「アンチ日本国紀」活動に加勢した国会議員
9カ月間、編集を手がけてきた百田尚樹さん著『[新版]日本国紀』(幻冬舎文庫)が、11月17日にようやく発売の運びとなった。発売と同時に全国の大型書店で売り上げトップとなり、即日に重版が決まって、いま少しホッとしている。
3年前の単行本『日本国紀』は65万部のベストセラーとなったが、今回は大幅に加筆したとはいえ、その既刊本の文庫化という位置づけゆえ、どのぐらい売れるかを著者も版元も案じていた。ひとまず成功といえる結果を見たが、これもひとえに、本誌『Hanada』の読者の皆様はじめ、歴史認識を正しくしたいと思う方々のお蔭である。この場を借りて深く感謝を申し上げたい。
いま、あらためて『日本国紀』にまつわる現象から見えてくるものを少し書いていく。文庫版発売のちょうど1カ月前、ネット書店で予約が開始された時には、その日のうちに、最大手のアマゾンで本の売れ筋総合ランキング1位に躍り出た。
ただしこの現象は、3年前の単行本『日本国紀』でも経験していたので、今回、版元の幻冬舎も落ち着いていた。前回の経験から、初版部数をそれなりに確保しつつ適時に重版をする、たしかな「見通し」を持っていたといえるが、私の目から見ると、相当に静かで慎重な構えという印象でもあった。
というのも、前回は発売と同時に激しい「アンチ日本国紀」活動が始まり、版元もかなりの攻撃を受けたからである。
3年前の「アンチ日本国紀」活動は実に凄まじいものだった。
主導したのは、おなじみの左派文化人らだが(一部の保守系人士も攻撃に加勢した)、本そのものや著者、編集者である私にケチを付けるだけでは足らず、特定の大型書店に対する「不買運動」まで起こされたのには驚いた。加えて驚いたのは、その「アンチ」勢のなかに、与野党の国会議員が混じっていたことである。

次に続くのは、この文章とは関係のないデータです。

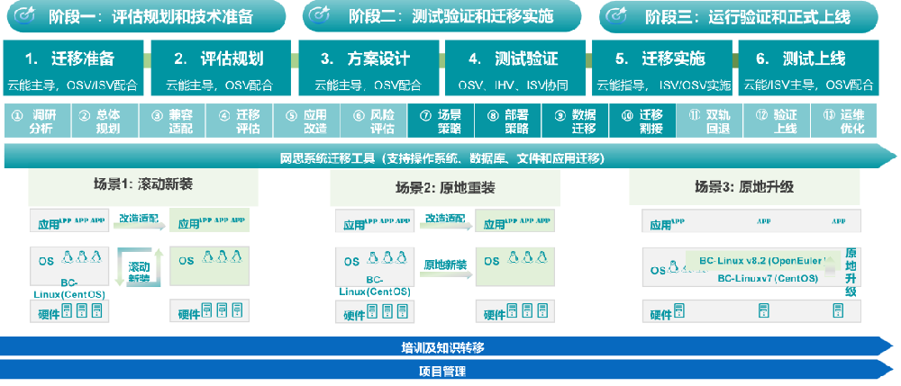 网思科技Linux迁移工厂团队根据移动云系统迁移需求,结合网思在云能长期服务、特别是带外监控和装机服务中对于移动云的了解,制定了本次移动云迁移的三个阶段、六个环节、13个步骤工程实施方法及三种迁移类型的技术方案
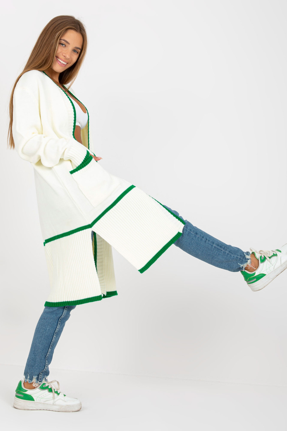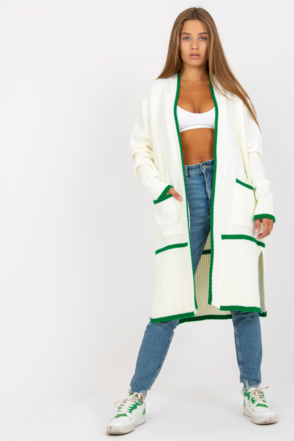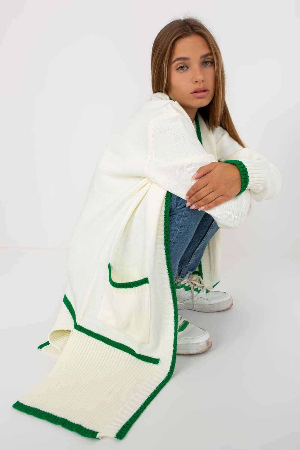 Ecru-roheline taskutega lahtine kardigan RUE PARIS
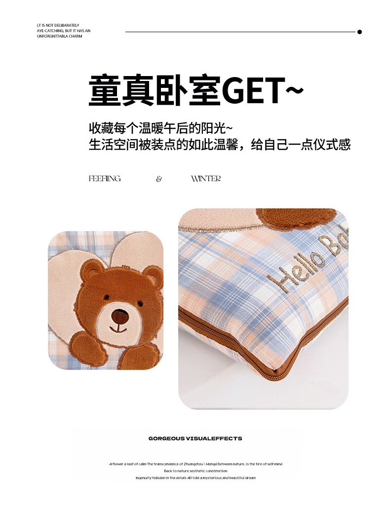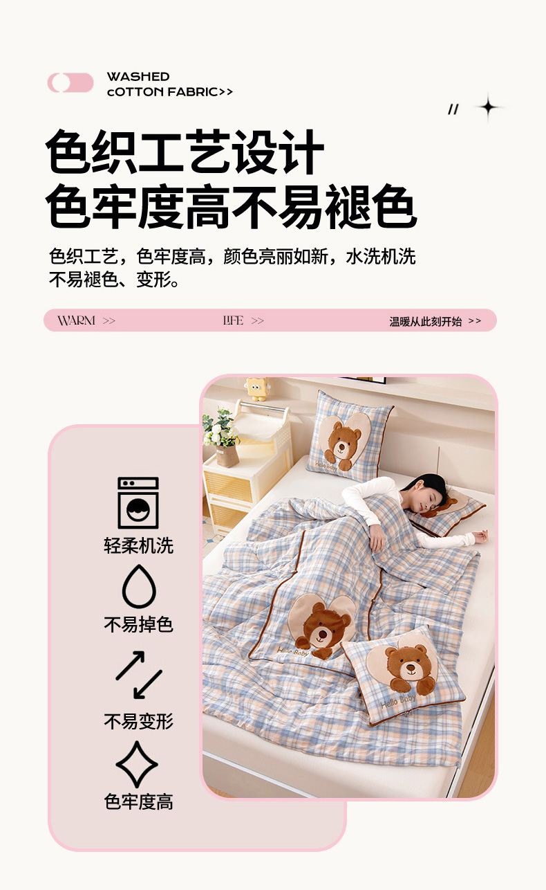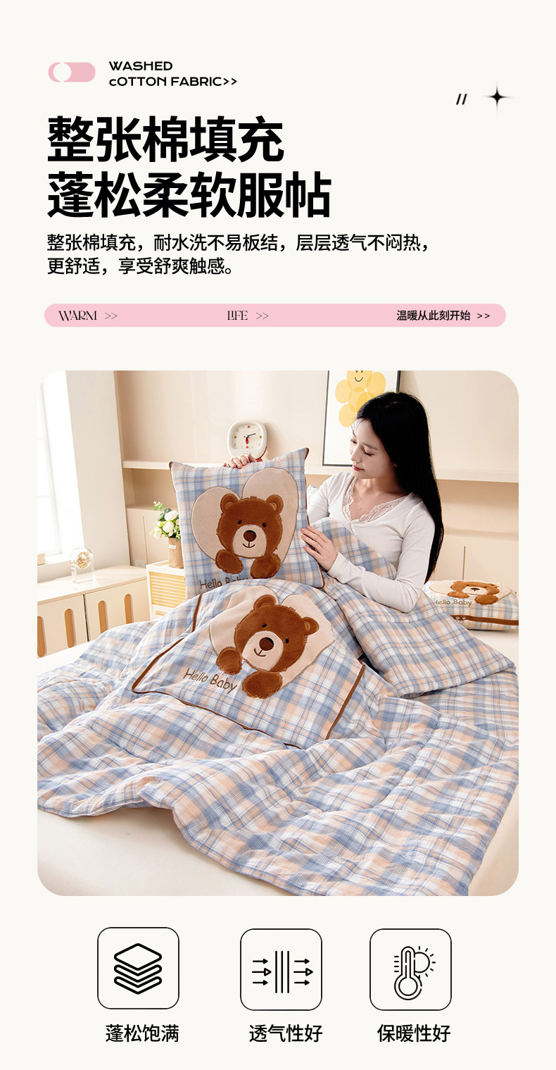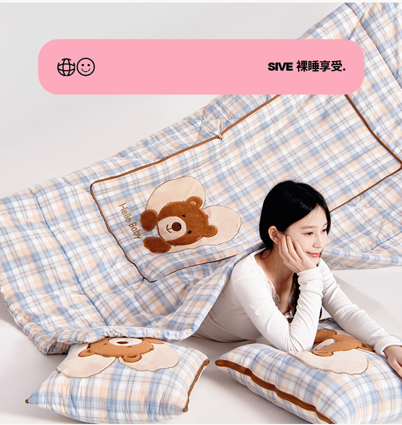 商品名称:阳光依佰抱枕被 2025新款全棉色织爱心熊抱抌被(控价小号券后不低于59元,大号不低于89元) 爱心熊一星空卡其
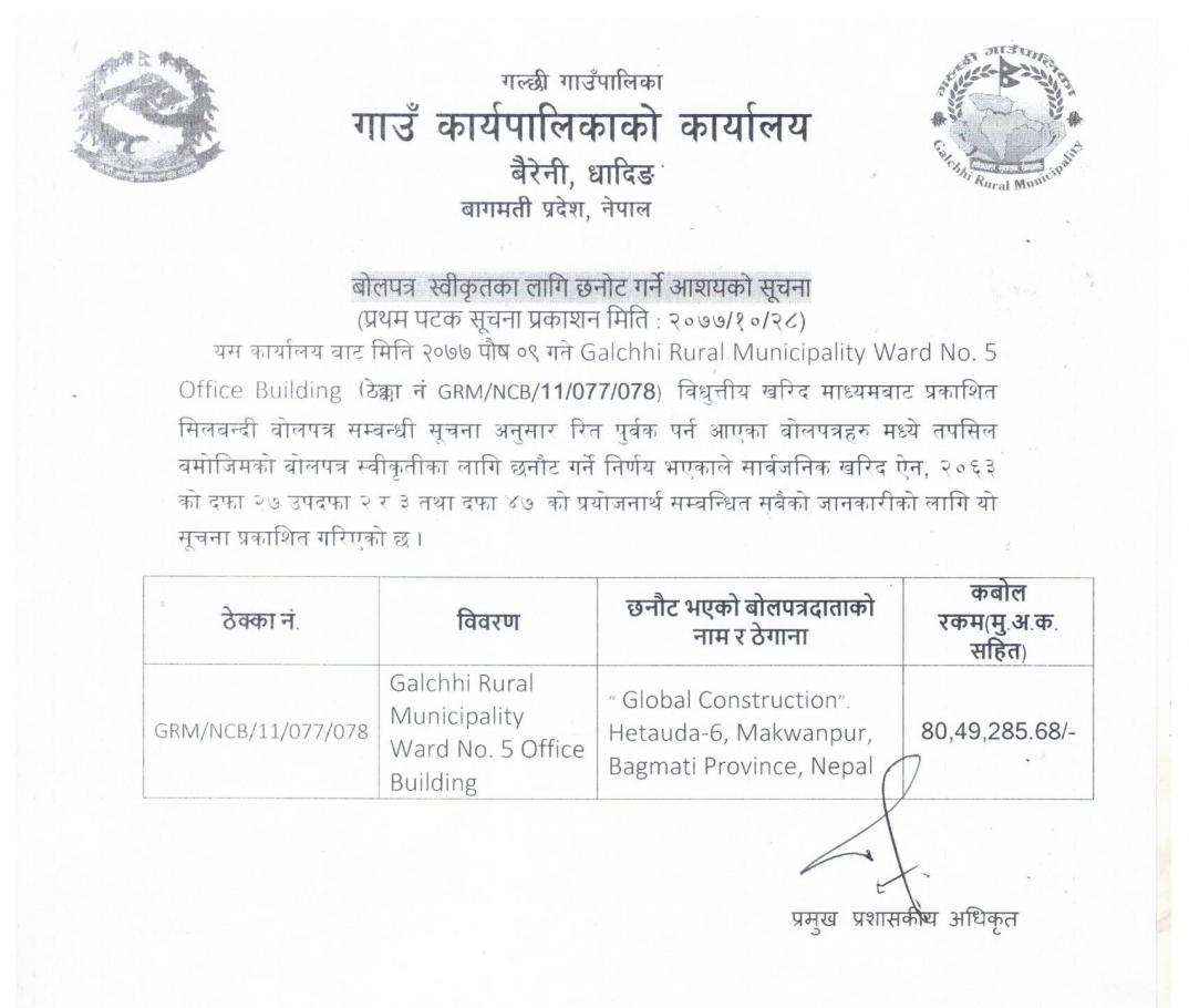 बोलपत्र स्वीकृत गर्ने आशयको सूचना - (ठेक्का नं. GRM/NCB/11/077/078)
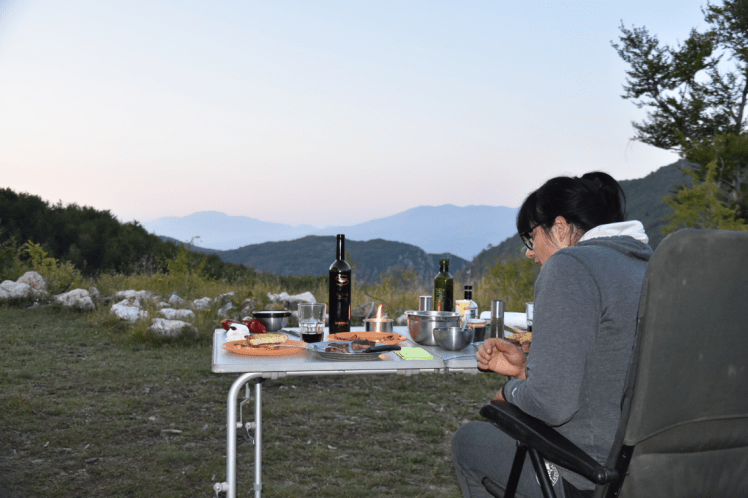 Nach dem kleinen Dorf kommen wir in dichtes Waldgebiet. Wieder keine Aussicht auf einen Schlafplatz, aber wenigstens keine Schrägfahrten mehr am Abgrund. Schön langsam werd ich nervös, es ist schon 18:00, wir sind müde und ich habe für heute genug. Auf der Karte werden die engen Höhenlinien bald etwas weiter. Vielleicht haben wir ja doch bald Glück und es tut sich eine Ebene auf. Und siehe da, nach wenigen hundert Metern zweigt ein Wegerl vom Hauptweg, der noch immer von dichtem Wald umgeben ist, ab, und führt auf ein kleines Plateu mit super Aussicht. Juhuuuu, der Schlafplatz ist gefunden! Zur Feier des Abends gibts ein Flascherl Big John zum Steak.

どんなポンコツ議員だろうが、いやしくも国会議員のバッジを付けた者が民間人の表現物へのネガティブキャンペーンに加担するとは、想像を絶する「頭の悪さ」である。イデオロギーの左右を問わず、こういう人間に権力を持たせたら、たちまち国民の表現の自由を抑圧するにちがいない。
しかしいまのところは、いずれも与野党の「一票要員」に過ぎないので、直ちにその心配はないのが救いである。
この情けない一票要員議員らは別にしても、『[新版]日本国紀』を読み返すと、あらためて、いまの国会議員の不見識と頼りなさを思い知らされる。私たちはつい、「野党議員に比べたら自民党の議員はマシ」だなどと思いがちだが、この甘やかしは禁物である。